What is expected. For the material below, the expected output is exactly the lines between the line holding "讲座围绕日本都市生活和乡村生" and the line holding "シリコンパテA B材にて傷メイクをしました。", inclusive, with pictures left out.

Provided records.
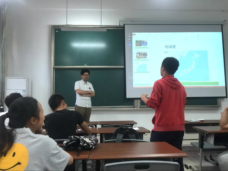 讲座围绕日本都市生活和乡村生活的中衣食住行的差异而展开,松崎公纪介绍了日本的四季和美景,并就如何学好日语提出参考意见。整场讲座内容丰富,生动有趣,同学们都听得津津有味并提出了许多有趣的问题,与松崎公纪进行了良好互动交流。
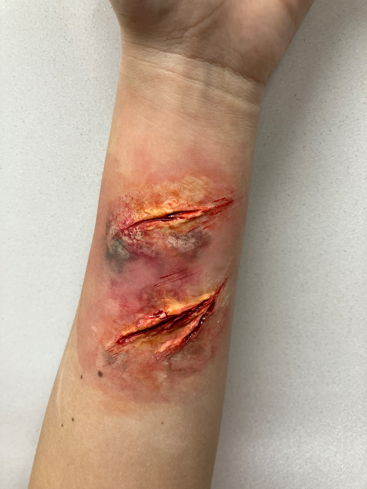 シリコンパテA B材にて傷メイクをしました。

==

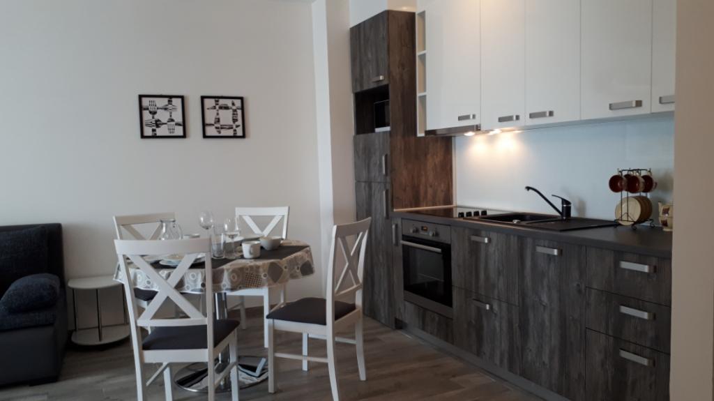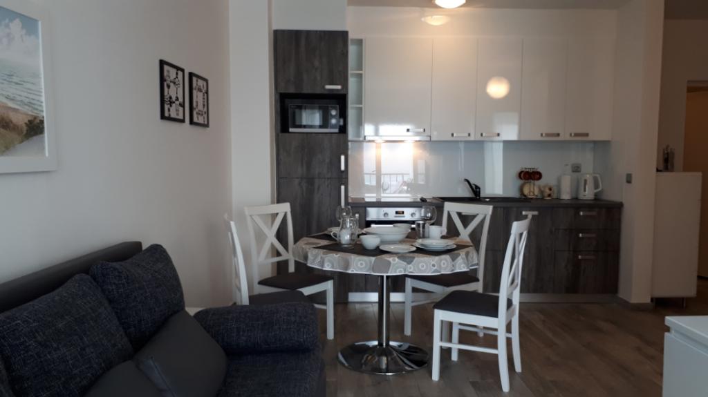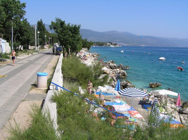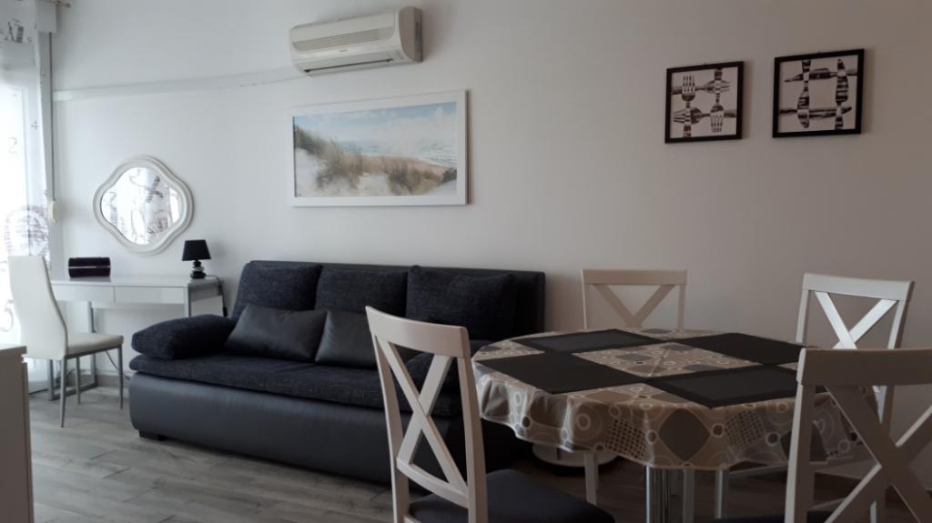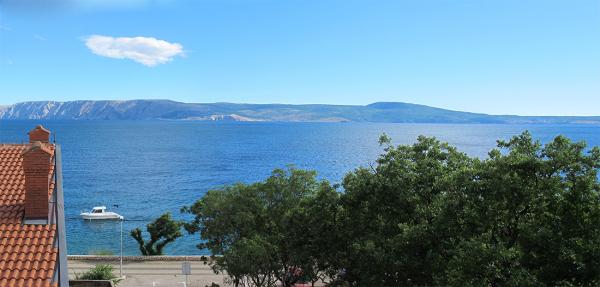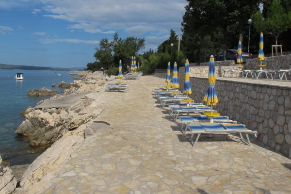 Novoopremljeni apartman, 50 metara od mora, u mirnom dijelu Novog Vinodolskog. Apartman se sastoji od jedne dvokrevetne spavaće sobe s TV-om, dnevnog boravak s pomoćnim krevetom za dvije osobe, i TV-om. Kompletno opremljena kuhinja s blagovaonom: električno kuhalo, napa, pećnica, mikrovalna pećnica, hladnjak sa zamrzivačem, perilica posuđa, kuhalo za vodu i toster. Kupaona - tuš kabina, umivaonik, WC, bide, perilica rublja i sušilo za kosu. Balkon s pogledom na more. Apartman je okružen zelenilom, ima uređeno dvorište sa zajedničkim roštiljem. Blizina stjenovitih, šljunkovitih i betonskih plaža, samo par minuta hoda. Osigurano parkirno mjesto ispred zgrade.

Worked solution.
 讲座围绕日本都市生活和乡村生活的中衣食住行的差异而展开,松崎公纪介绍了日本的四季和美景,并就如何学好日语提出参考意见。整场讲座内容丰富,生动有趣,同学们都听得津津有味并提出了许多有趣的问题,与松崎公纪进行了良好互动交流。
 シリコンパテA B材にて傷メイクをしました。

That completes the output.